Qui a t-il à prélever à la source..., "tarie"..., sauf à cultiver les mensonges...?

C'est un bien vieux serpent de mer..., qui refait surface en ce jour... Le prélèvement à la source de l'impôt sur le revenu est son nom d'origine... Et aussi tortueux que le sont les mécanismes de l'optimisation fiscale, que le sont les chemins opaques de la fraude fiscale, que l'est la sinuosité et l’ambiguïté intellectuelle cherchant à changer, maquiller la fuite lâche des capitaux des fortunés, ces délits fiscaux quoi, en "évasion fiscale" (comme s'il fallait se "libérer" du fisc et du bien commun qu'il doit apporter à tous-tes...?), en "exile" de souffreteux du fisc..., sa présentation médiatique, politique pêche par manque d'ambition..., et par le mensonge invétéré de sa nécessité.

 D'un vieux truc visqueux..., d'un vieux machin encombrant à l'origine les "socialistes" pures et dures, s'il en ai existé un jour..., cette idée de la récolte de l'impôt sur le revenu à la source, avec tout ce qu'elle porte en elle de contradictoire, c'est travestie en une fringante et jeune anguille "transgenre". C'est par les détenteurs des clefs du verrou de Bercy, qu'elle refait surface... Et c'est sur la base d'une promesse de "réforme fiscale", qu'elle tente de séduire l'opinion publique. Et c'est aussi par le canal des médias de masse privés, dont on connaît la partialité, de politiques de l'alternance qu'elle, cette anguille, nous est montée d'une main brandie vers la lumière... Mais juste d'une main alors...

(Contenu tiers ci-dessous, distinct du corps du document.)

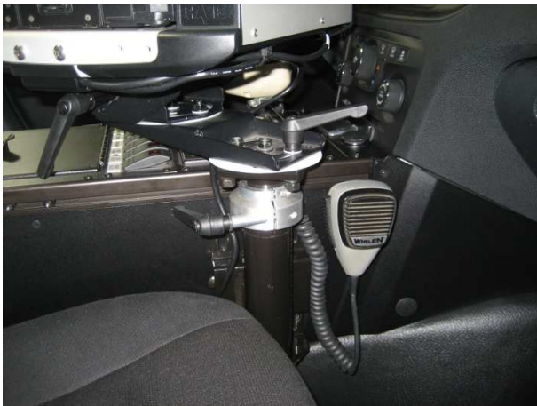
View of passenger side mounted C-HDM-204, C-HDM-303 and C-MD-202.

Car l'autre main, quant à elle, son action est rendue "invisible", comme la soit-disant bienveillance d'un certain "marché...". Aussi stupéfiant que paraisse le spectacle, pour les temps de cerveaux disponibles médusés..., hypnotisés..., par la fringante anguille éclairée à l'aune d'une vielle lune..., une information fondamentale passe à l'as... La se tarit la source de l'impartialité de l'information. La est aussi le manque d'ambition. Il nous est vanté, à grand renfort médiatique, les soit-disant "bienfaits" que pourrait représenter le prélèvement à la source de l'impôt sur le revenu..., derrière une négociation entre "partenaires", entre parlementaires, etc... Derrière la nécessité de ce gouvernement de tenir sa promesse de "réforme fiscale"..., de pas perdre plus la face..., ce travestissement d'un de leur vieux dogme, cette vieille contradiction quand à donner les pleins pouvoirs au patronat et à Bercy concernant la fiscalité, la tenue des comptes (recettes dépenses) de l’État, masque en fait un montant de fraudes fiscales, de fuites de capitaux, d'optimisations fiscales exceptionnellement dangereux pour l’État..., providence...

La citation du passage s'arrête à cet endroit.